Great. I appreciate the answer. The second question, kind of circling back to Freestone and some of the comments y'all made about timing it perhaps with the midstream build out as we progress in the Q4 and the 2026. Is there anything we should be thinking about on the Elijah one in terms of flow rate versus the IP rate or if that dynamic will apply to any other wells planned for this year?
Well, so the flow rate on the Olajuwon is, I mean, we're flowing at basically the same type curves that we've got set up for all the wells back to the core. I don't think anything on the midstream side is going to constrain us on the ability to flow them how we want to flow them. We just need to be able to get the midstream in place to be able to drill these, which is why we're not spreading another well until... up there until the end of this year and really mostly into next year. The well looks as good as everything else we have. We're going to flow it the same as the other wells we have, and we don't have any constraints on the midstream side.
Excellent. Appreciate the time. Thank you. Great questions.
Thank you. Our next question comes from Carlos Escalente. from Wolf Research. Please go ahead.
Hey, good morning, gentlemen. Thank you for taking my question. Good morning.
Good morning. So considering that 2025 is an HBP-driven program, so to speak, if I jump forward to 2026, what is y'all's underlying assumption for that year's program in terms of capital allocation in between HBP exclusive wells versus delineator slash appraisal wells. I think that to conclude the question, it would be tremendously helpful to understand and parse out the general geography of where these HBP wells are and their underlying impact to the perception of those well results as we move through the next 24 months.
Yeah, I mean, we still want to focus on when we drill a well in the western Hainesville into holding acreage. And remember, we have that 70 wells or so to hold this acreage that we leased versus the acreage we acquired that's held by the shallow production. So that will always be a big priority over anything else. Yeah, that and the proximity and availability of midstream and acreage are for the next – 25, 26, they'll both be similar. Those will be the main drivers to where they drill these wells.
Yeah. Thank you, Roland. I maybe should have clarified that I was asking specifically about the western Haynesville.

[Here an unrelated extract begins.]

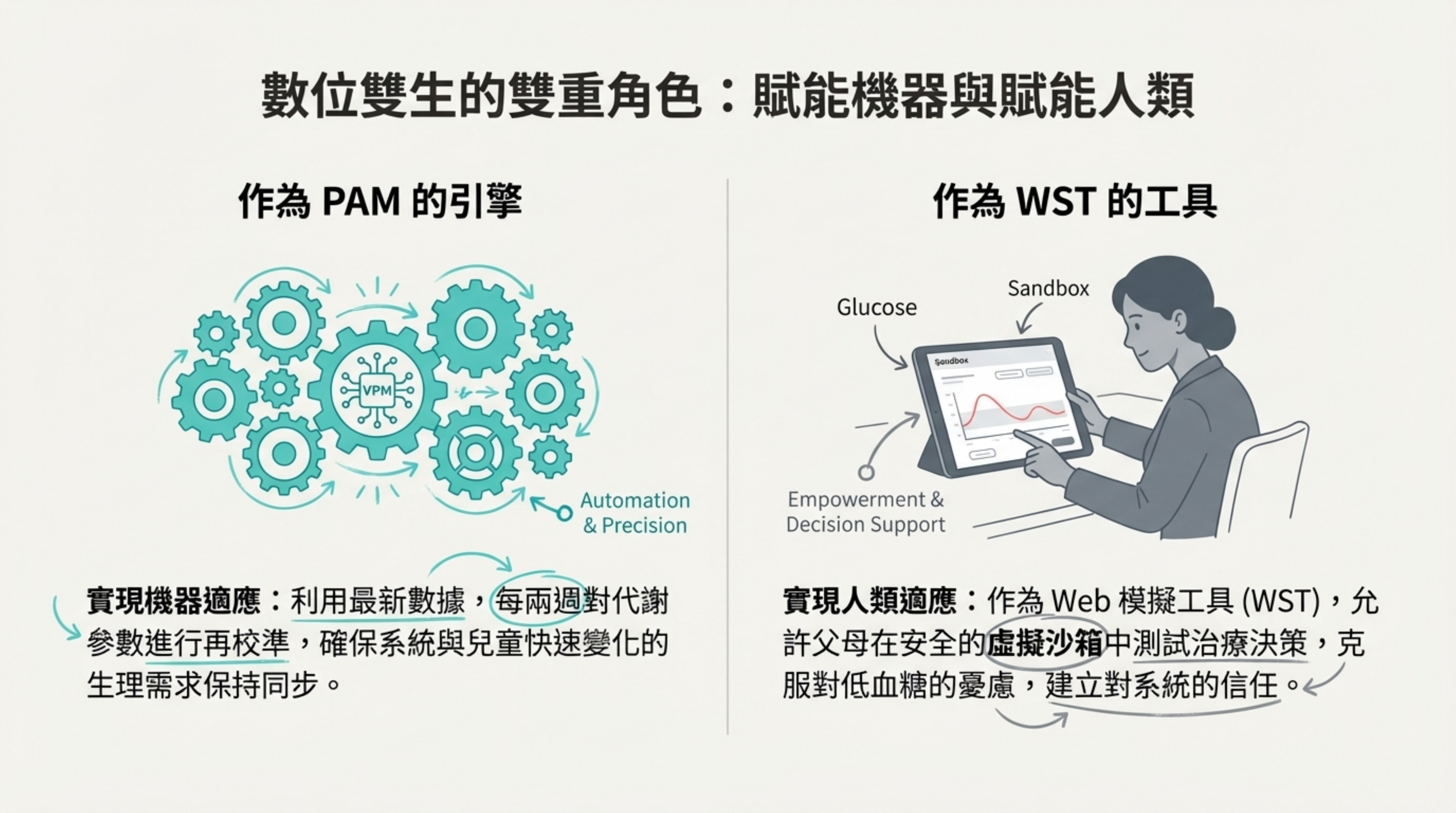- 功能:人類適應。提供資訊反饋(如 TIR 趨勢),並提供模擬工具,賦能照護者做出更好的治療決策。 兩者形成一個閉環,機器優化參數,人類優化行為。

That is the western Haynesville, right? Yeah. Legacy Haynesville, we don't have any acreage to drill the hole, so that's very price-driven and And the takeaway is there are areas that the takeaway is more difficult in the Legacy Hainesville. There are different costs to the transport in the Legacy Hainesville, so we take that into account. But generally, we fill in the Legacy Hainesville locations. And since we haven't been that active there, we're actually able to go back into some of our higher performing areas, you know, with our with the rig we just added and drill and the Legacy Hainesville around that since we've created a lot of space about letting production kind of fall in that area. Yeah.
Thank you, Roland. Appreciate it. My second question is turning to the macro real quick and perhaps, you know, using one of the prior questions as a segue. Are you, would you be concerned at all if, Permitting around the Permian, even though you rightly point out, Jay, those wells are drilled for the oil, but unfortunately have a ton of associated gas. Simply, they don't have the necessary takeaway capacity to the necessary demand center. So would you all be concerned, or what do you view that Permian gas, if there was an outlay for that gas from additional permitting at the government level that would take more of that molecule towards the Gulf Coast or the general demand area. Is that something that you're thinking about or concerned about at all?
I think that's all expected, you know, as far as the – I mean, obviously the Permian gas supply has to grow in order to fuel the big demand pool that's, you know, coming from LNG and other power generation. So, yeah, that's going to be a big contributor. So it's, you know – We do think that the weak oil prices today kind of, you know, stall a lot of the interest in drilling those wells since they are drilled mainly for oil prices.
Yeah, we do expect that growth.
Thank you, gentlemen. Thank you.
Our next question comes from Phillips Junston from Capital One. Please go ahead.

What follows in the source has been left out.